James Plihal

Personal information
- Born: June 19, 1996 (age 30)
- Height: 6 ft 10 in (208 cm)
- Weight: 218 lb (99 kg)

Sport
- Sport: Rowing

Medal record
Men's rowing
Representing United States
Pan American Games
| Gold medal – first place | 2023 Santiago | Mixed Eight |
| Silver medal – second place | 2023 Santiago | Single sculls |

= James Plihal =

American rower (born 1996)

James Jacob Plihal (/ˈpliːhɑːl/ PLEE-hall; born June 19, 1996) who is known by the nickname Plibob, is an American rower. At the 2023 Pan American Games, he won gold as a member of the mixed eight competition. He competed at the 2024 Summer Olympics in the men's single sculls.

==Early life and education==
Plihal was born June 19, 1996. He graduated from Vashon Island High School in 2014, then from Northeastern University in 2018 with a degree in architectural studies.

==Career==

=== Collegiate career ===
Plihal rowed competitively for Northeastern University.
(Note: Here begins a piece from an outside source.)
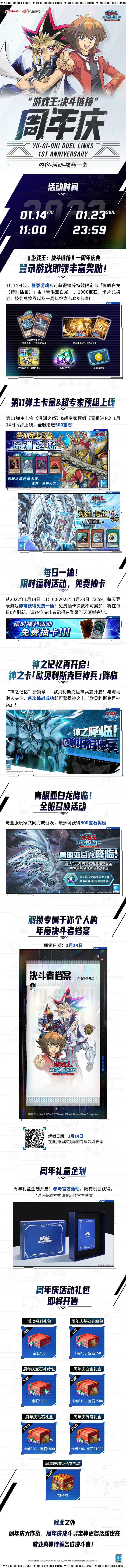 即将迎来一周年的庆典,让我们一起来了解本次周年庆活动的具体内容,共同欢庆一周年的到来吧!1月14日起,登录游戏即可获得镜碎「青眼白龙(特别插画)」和「青眼亚白龙」,一周年纪念卡套&卡垫,1000宝石和技能兑换券等奖励,累计登录还可获得超凡/稀有梦想卡交换券!第11弹 主卡盒《深渊之怒》,超专家预组《青眼进化》也将于1月14日同步上线!同时游戏内还将开启每日免费抽卡、神之记忆“欧贝利斯克巨神兵

In 2015, he finished second in the varsity eight at the Eastern Sprints. He was nominated to the IRA All-American team three times and was named team captain in 2016.

=== National and international career ===
At the 2017 World Rowing U23 Championships, Plihal finished 14th in the quad sculls. He finished 18th at the same competition the following year. In 2020, he finished fourth in the double sculls at the U.S. Olympic Team Trials. In 2022, he finished ninth in the double sculls at the World Rowing Cup II. At the 2023 Pan American Games, Plihal won gold as a member of the mixed eight competition, and silver in the men's single sculls.

He competed at the 2024 Paris Summer Olympics in the men's single sculls, where he placed 13th. His final time (6:41) is an all time US record in the discipline.

== Personal life ==
As of 2023, Plihal lives and trains in Craftsbury, Vermont.